In [1]:
import json
import pandas as pd
from sentence_transformers import SentenceTransformer, util
from src.utils.UsefulPaths import Paths

In [3]:
paths = Paths()

with open(paths.json_subsectors, 'r') as file:
    subsectors = json.load(file)

In [14]:
df_abstract = pd.read_parquet(paths.raw_parquet_abstract)

offset_div = 50
df_joao = df_abstract.iloc[:offset_div].copy().reset_index(drop='index')
df_leo = df_abstract.iloc[offset_div:offset_div*2].copy().reset_index(drop='index')
df_maxm = df_abstract.iloc[offset_div*2:offset_div*3].copy().reset_index(drop='index')
df_rafael = df_abstract.iloc[offset_div*4:offset_div*5].copy().reset_index(drop='index')
df_thiago = df_abstract.iloc[offset_div*6:offset_div*7].copy().reset_index(drop='index')

In [23]:
class PatentSimilarity:
    def __init__(self,
                 df_patents: pd.DataFrame = pd.DataFrame(),
                 model_name: str = 'bert-base-uncased',
                 definition_weight: float = 1,
                 keywords_weight: float = 1,
                 does_include: float = 1,
                 does_not_include: float = -1,
                 show_progress_bar=False,
                 top_scores=3):

        self.df_patents = df_patents
        self.model = SentenceTransformer(model_name)

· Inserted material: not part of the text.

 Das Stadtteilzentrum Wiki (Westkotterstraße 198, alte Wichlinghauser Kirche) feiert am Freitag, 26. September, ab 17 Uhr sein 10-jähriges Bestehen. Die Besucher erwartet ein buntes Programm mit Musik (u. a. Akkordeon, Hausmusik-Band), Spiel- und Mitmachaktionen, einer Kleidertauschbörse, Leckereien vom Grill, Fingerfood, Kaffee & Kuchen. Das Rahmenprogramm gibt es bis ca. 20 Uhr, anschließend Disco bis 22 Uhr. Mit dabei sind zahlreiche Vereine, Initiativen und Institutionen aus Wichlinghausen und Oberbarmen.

        # Peso para a definição
        self.definition_weight = definition_weight

        # Peso para as keywords
        self.keywords_weight = keywords_weight

        # Peso para as Does Include
        self.does_include = does_include

        # Peso para as Does Not Include
        self.does_not_include = does_not_include

        self.show_progress_bar = show_progress_bar

        self.top_scores = top_scores

        self.subsetors_embeddings = {}
        self.subsetors_definitions = []
        for subsetor_name, subsetor_values in subsectors.items():

            subsetor_definition = subsetor_values.get('Definition', '')
            subsetor_keywords = subsetor_values.get('Keywords', '')
            subsetor_does_include = subsetor_values.get('Does include', '')
            subsetor_does_not_include = subsetor_values.get('Does not include', '')

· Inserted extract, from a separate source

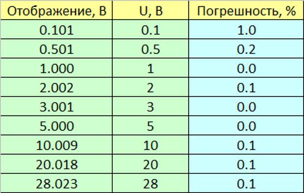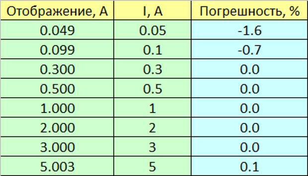 Я проверил точность отображения напряжения и тока. Учитывалось отображение трёх знаков после запятой (остальные два знака всё время "прыгают" и они больше "для красоты", а не для точности).

            self.subsetors_definitions.append(f'{subsetor_keywords}')
            # self.subsetors_definitions.append(f'{subsetor_definition}. {subsetor_keywords}.')
            # self.subsetors_definitions.append(f'{subsetor_definition}. {subsetor_keywords}. {subsetor_does_include}')

            subsetor_definition_emb = self.model.encode(subsetor_definition, convert_to_tensor=True, show_progress_bar=self.show_progress_bar) * self.definition_weight
            subsetor_keywords_emb = self.model.encode(subsetor_keywords, convert_to_tensor=True, show_progress_bar=self.show_progress_bar) * self.keywords_weight
            subsetor_does_include_emb = self.model.encode(subsetor_does_include, convert_to_tensor=True, show_progress_bar=self.show_progress_bar) * self.does_include
            subsetor_does_not_include_emb = self.model.encode(subsetor_does_not_include, convert_to_tensor=True, show_progress_bar=self.show_progress_bar) * self.does_not_include

            self.subsetors_embeddings[subsetor_name] = [subsetor_definition_emb, subsetor_keywords_emb, subsetor_does_include_emb, subsetor_does_not_include_emb]

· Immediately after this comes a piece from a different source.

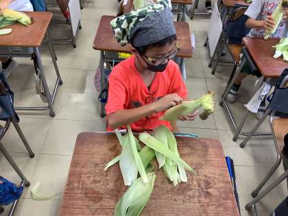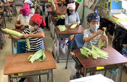 昨日は、「蒸しトウモロコシ」が給食に出て、3年生が皮むきのお手伝いをしました。

    def similarity_between_one_patent_with_one_subsetor(self, patent_abstract, subsetor_name):

        # We pass the convert_to_tensor=True parameter to the encode function. This will return a pytorch tensor containing our embeddings. We can then call util.cos_sim(A, B) which computes the cosine similarity between all vectors in A and all vectors in B.

        # query_embedding = f'In this patent abstract "{patent_abstract}", what is the subsetor definiton that best describes this patent?'
        query_embedding = f'In this patent abstract "{patent_abstract}", what are the keywords that best describes this patent?'
        patent_abstract_emb = self.model.encode(query_embedding, convert_to_tensor=True, show_progress_bar=self.show_progress_bar, normalize_embeddings=False)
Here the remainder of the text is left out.